Record extracts =

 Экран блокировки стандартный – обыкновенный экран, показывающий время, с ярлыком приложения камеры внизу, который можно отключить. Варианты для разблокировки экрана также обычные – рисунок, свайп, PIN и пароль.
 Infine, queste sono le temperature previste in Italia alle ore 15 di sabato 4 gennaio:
---
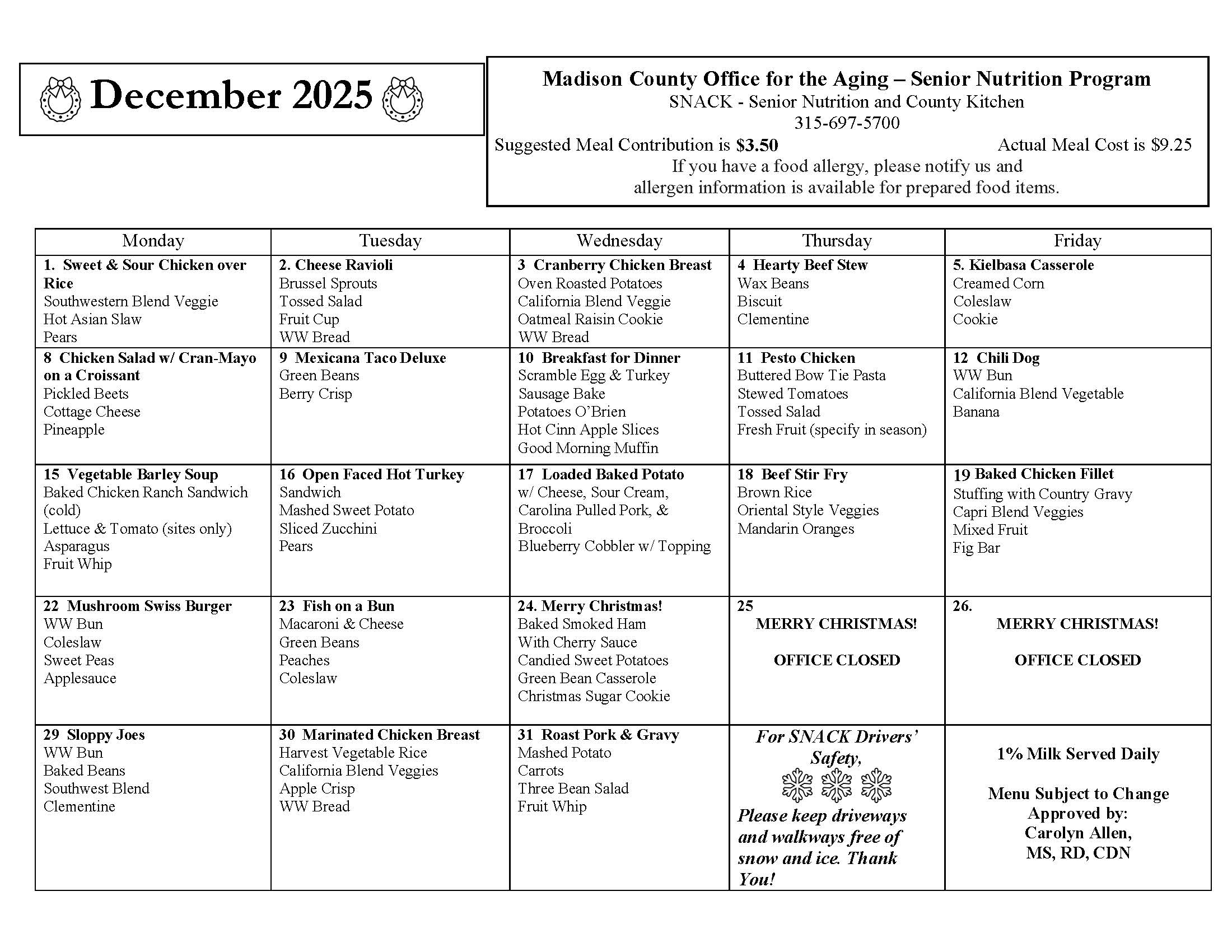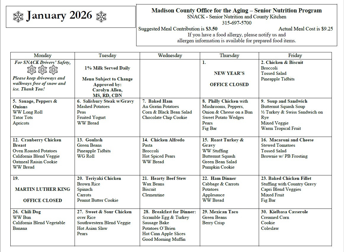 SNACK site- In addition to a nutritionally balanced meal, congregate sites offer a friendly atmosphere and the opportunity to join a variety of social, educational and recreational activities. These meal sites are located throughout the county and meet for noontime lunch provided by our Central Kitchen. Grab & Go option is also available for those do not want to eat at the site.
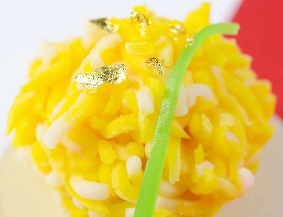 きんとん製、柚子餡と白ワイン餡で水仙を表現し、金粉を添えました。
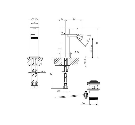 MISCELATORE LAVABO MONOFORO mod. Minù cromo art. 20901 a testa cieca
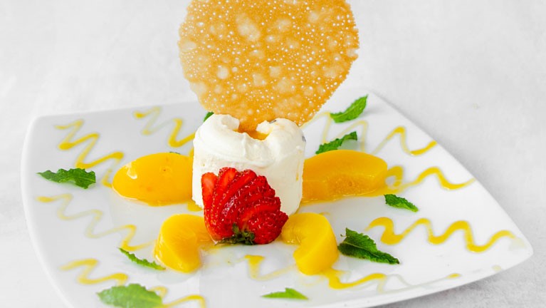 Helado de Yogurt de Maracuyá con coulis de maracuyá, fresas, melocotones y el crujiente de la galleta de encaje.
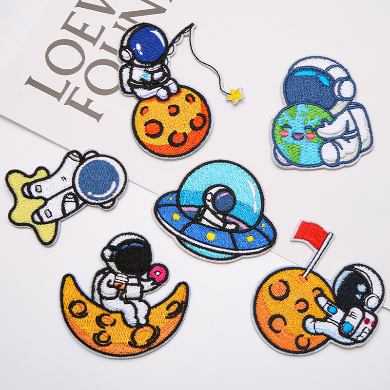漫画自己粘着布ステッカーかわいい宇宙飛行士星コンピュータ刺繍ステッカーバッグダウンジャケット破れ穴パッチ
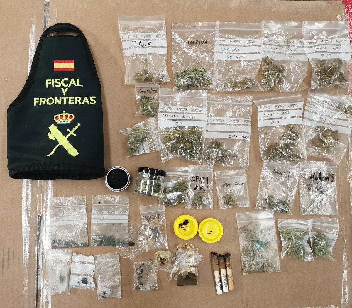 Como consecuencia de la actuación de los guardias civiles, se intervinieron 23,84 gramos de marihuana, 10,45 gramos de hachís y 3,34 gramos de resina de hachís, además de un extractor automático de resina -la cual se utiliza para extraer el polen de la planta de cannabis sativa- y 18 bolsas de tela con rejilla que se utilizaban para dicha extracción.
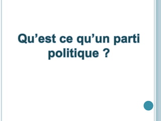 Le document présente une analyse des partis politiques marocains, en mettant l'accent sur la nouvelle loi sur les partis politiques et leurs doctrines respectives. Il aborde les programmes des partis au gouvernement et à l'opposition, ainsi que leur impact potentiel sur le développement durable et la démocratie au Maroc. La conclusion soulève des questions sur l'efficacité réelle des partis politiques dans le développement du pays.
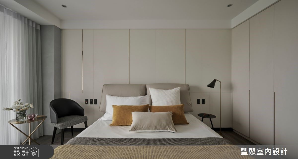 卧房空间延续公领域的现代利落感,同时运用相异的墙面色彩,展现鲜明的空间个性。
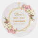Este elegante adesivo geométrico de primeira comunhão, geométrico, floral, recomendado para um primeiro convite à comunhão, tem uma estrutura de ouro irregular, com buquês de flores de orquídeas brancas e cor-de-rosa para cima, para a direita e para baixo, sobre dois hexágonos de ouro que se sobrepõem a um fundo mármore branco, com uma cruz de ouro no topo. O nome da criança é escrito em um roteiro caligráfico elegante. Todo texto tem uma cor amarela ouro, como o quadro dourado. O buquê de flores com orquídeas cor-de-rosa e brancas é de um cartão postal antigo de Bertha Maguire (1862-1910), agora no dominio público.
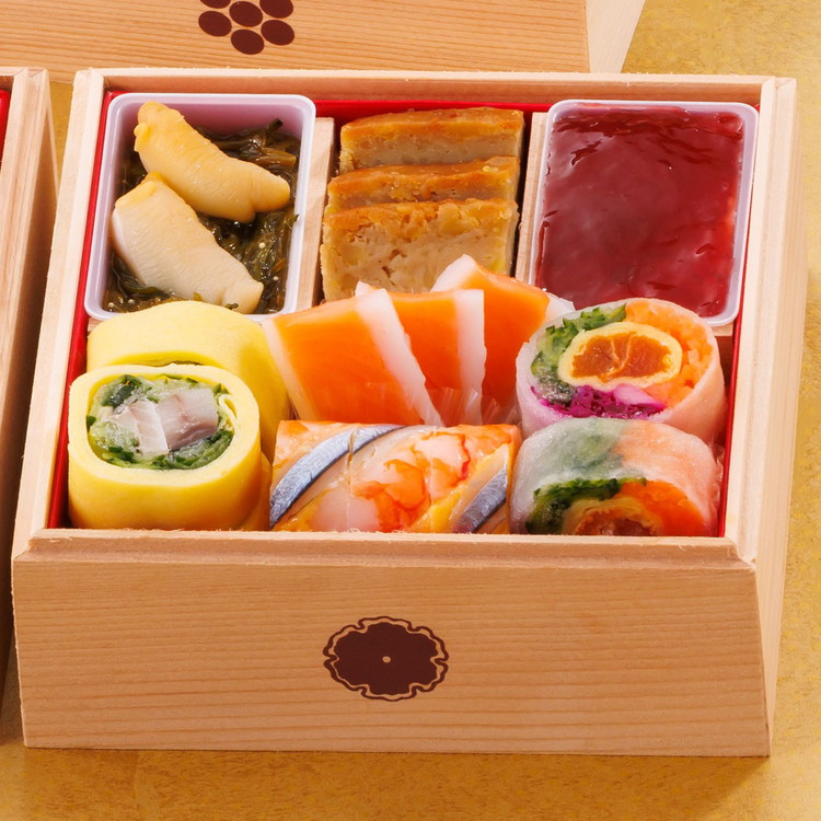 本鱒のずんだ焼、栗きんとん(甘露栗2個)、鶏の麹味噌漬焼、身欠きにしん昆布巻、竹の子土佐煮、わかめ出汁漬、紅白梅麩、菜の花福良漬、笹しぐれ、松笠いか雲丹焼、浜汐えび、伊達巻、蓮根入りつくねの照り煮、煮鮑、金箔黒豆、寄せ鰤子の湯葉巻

Aim of the task = Only one stretch of the listing above is to be duplicated: the lines from the one containing "漫画自己粘着布ステッカーかわ" through the one containing "卧房空间延续公领域的现代利落感,同时运用相异的墙面色彩,展现鲜明的空间个性。", both included. Copy them exactly, minus the pictures.

Answer to the exercise =
漫画自己粘着布ステッカーかわいい宇宙飛行士星コンピュータ刺繍ステッカーバッグダウンジャケット破れ穴パッチ
 Como consecuencia de la actuación de los guardias civiles, se intervinieron 23,84 gramos de marihuana, 10,45 gramos de hachís y 3,34 gramos de resina de hachís, además de un extractor automático de resina -la cual se utiliza para extraer el polen de la planta de cannabis sativa- y 18 bolsas de tela con rejilla que se utilizaban para dicha extracción.
 Le document présente une analyse des partis politiques marocains, en mettant l'accent sur la nouvelle loi sur les partis politiques et leurs doctrines respectives. Il aborde les programmes des partis au gouvernement et à l'opposition, ainsi que leur impact potentiel sur le développement durable et la démocratie au Maroc. La conclusion soulève des questions sur l'efficacité réelle des partis politiques dans le développement du pays.
 卧房空间延续公领域的现代利落感,同时运用相异的墙面色彩,展现鲜明的空间个性。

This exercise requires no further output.